Spiralists are top level university apparatchiks and high ranking corporate mandarins who spiral into a university from the outside. Once they are inside, they develop what is called a “signature project,” preferably something that provides good propaganda (officially: public relations) for the university rather than historical knowledge or science. Once this is done, they either spiral upwards or onwards. The first case means promotion, a bigger desk and corporate car, more business-class flights, etc. The second case means leaving the university behind to spiral downwards while they spin out to the next project and the next university.
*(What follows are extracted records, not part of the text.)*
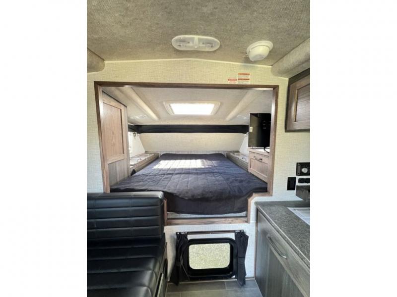 Enjoy a home on top of your long bed truck with this truck camper! Start each morning feeling recharged after sleeping on the front queen bed while your electronics recharge at the 12V USB charging stations. Fill your bellies with fried bacon and eggs cooked on the three burner stove with oven and drink a cold glass of orange juice stored in the 6.3 cu. ft. two way refrigerator. Plus, you can eat your meals at the face-to-face dinette and transform into an extra sleeping space. You can even freshen up each morning in the dry bath with extra room, a divider that separates the shower from the toilet, and a built-in shower seat. There is plenty of storage throughout with closets and overhead cabinets too! An optional 600AH lithium power system and optional Truma Combi furnace/hot water system can be added on this model for even more comfort and convenience!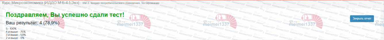 Для студентов ИДДО НИУ «МЭИ» по предмету МикроэкономикаМикроэкономика - КМ-3. Теория потребительского поведения. Тестирование - 78,9%Микроэкономика - КМ-3. Теория потребительского поведения. Тестирование - 78,9%
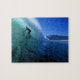 Quebra-cabeça do jogo mostrado com um impressão da foto de uma cena bonita do surfista do oceano. Personalize este artigo ou compre-o como é. Armazene a imagem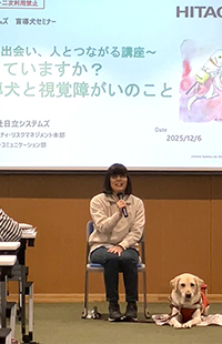 9月30日―10月1日の2日間、盲導犬総合支援センター様と連携し、泉屋東京店様にて盲導犬セミナーを実施しました。社長をはじめ、約60名の従業員の皆さまにご参加いただき、盲導犬の役割や視覚障がいについて理解を深めていただきました。セミナー終了後は、盲導犬ダレンとふれあいタイムもあり、仕事中とは違うリラックスした表情のダレンに、参加者の皆さまも自然と笑顔に。温かく、心に残る交流のひとときとなりました。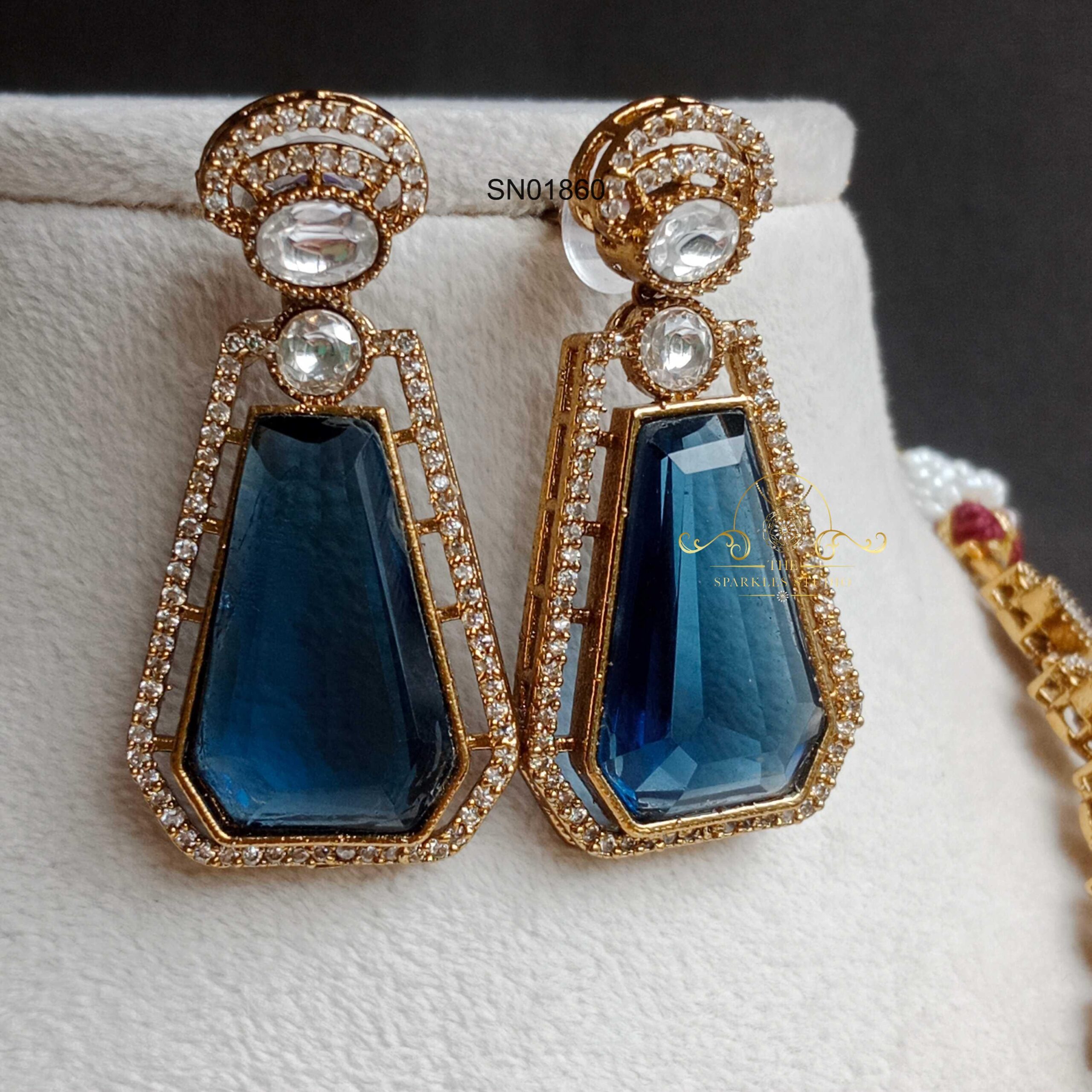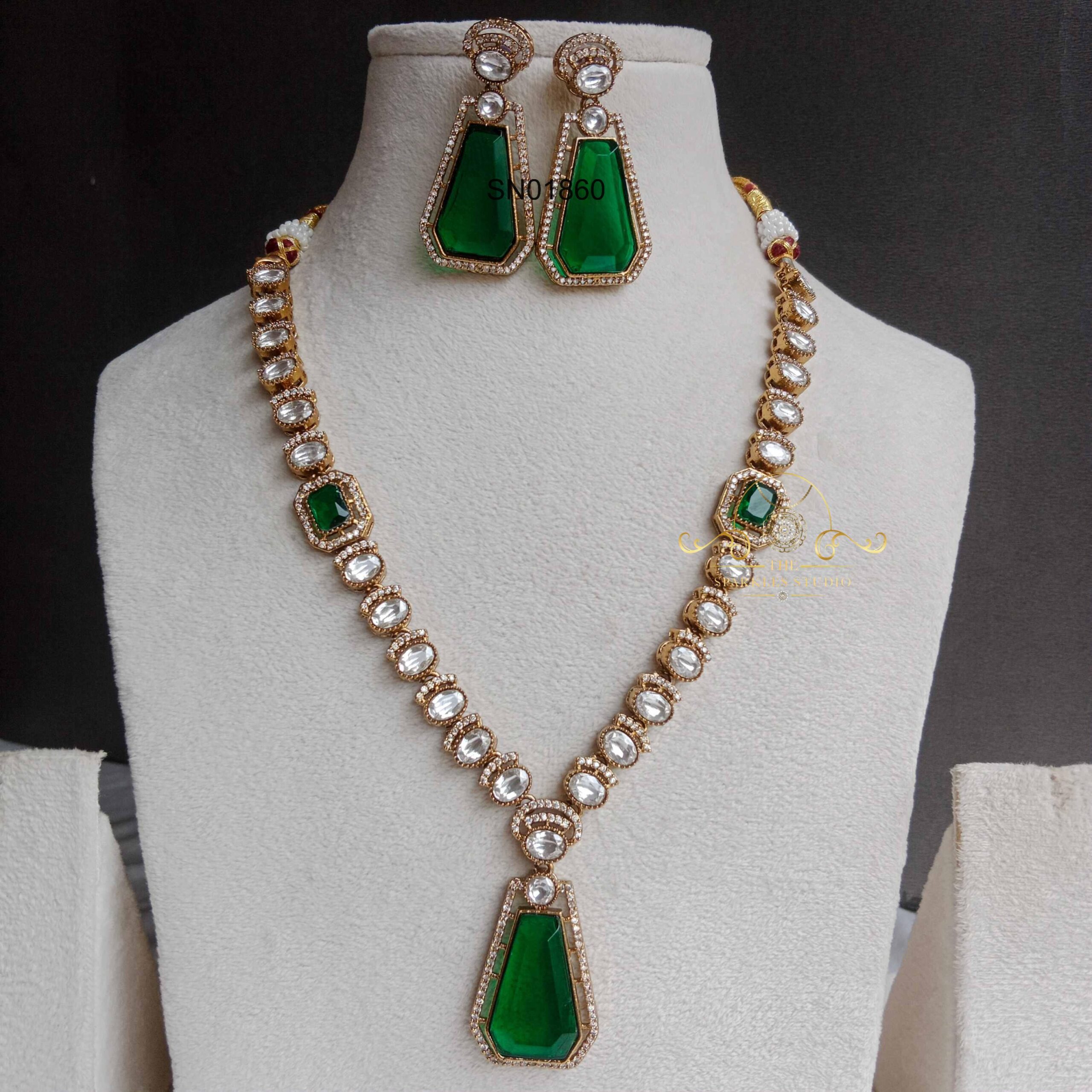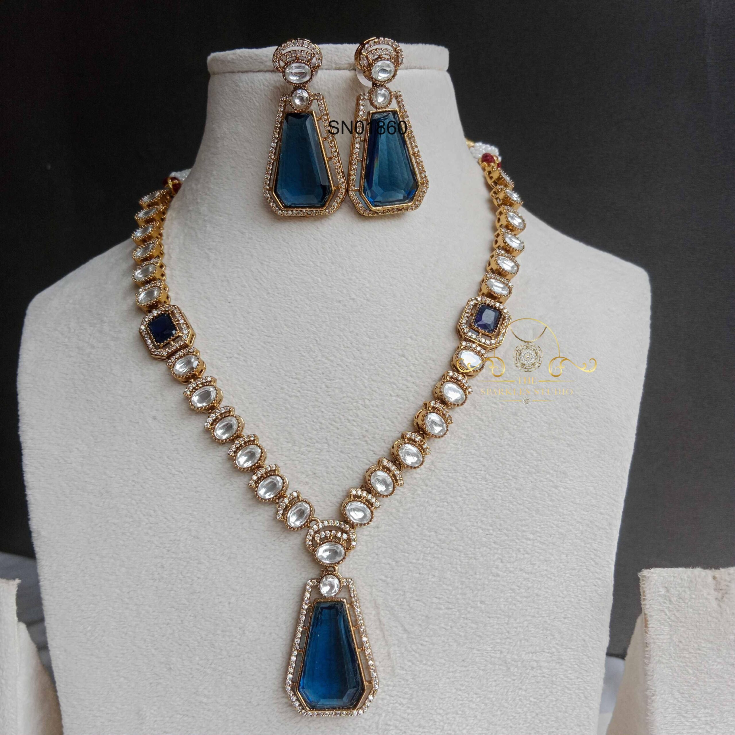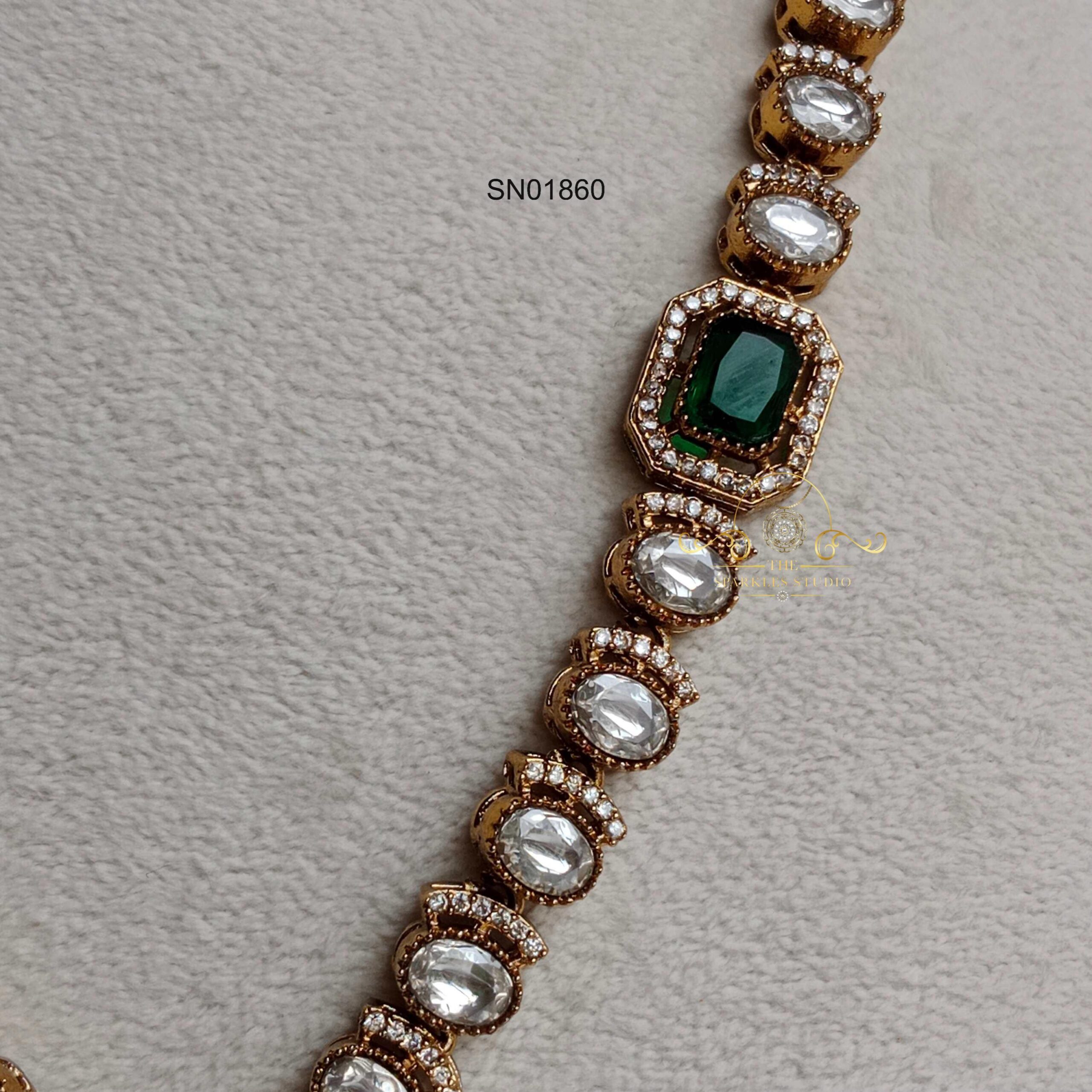 Sapphire/Emerald with moissanite necklace featuring rich gemstone tones and radiant diamond-like sparkle. Perfect for weddings, festive occasions, and grand traditional outfits, adding regal charm, refined elegance, and luxurious heritage beauty.

That they are often corporate executives with little commitment and next to no knowledge of academic culture and the inner workings of a university is irrelevant to the university apparatchiks who spiral them in. Much of this operates under the first law of Managerialism: When things go right, take the credit; but when things go bad, blame someone else. Beyond that, university apparatchiks working in conjunction with spiralists, harden Managerialism’s control. This establishes three defining features:
1) it further entrenches a subconscious belief held by university apparatchiks that all academics are only out for themselves – projecting their own ideological belief-system onto others;
2) the only way to make academics work is by measuring and controlling them through a wide range of assessment metrics; and finally,
3) an overall focus on what is euphemistically labelled “hard numbers”, “measurable outputs” and to achieve that the all important and very controlling metrics must be placed on academics work in the hope that this will lead to an increase in the university’s reputation (i.e. impression management).
For university apparatchiks, the application of the menacing techniques of Managerialism deliberately creates a pervasive culture of intellectual mediocrity enhancing two old favourites of all management: control and intimidation.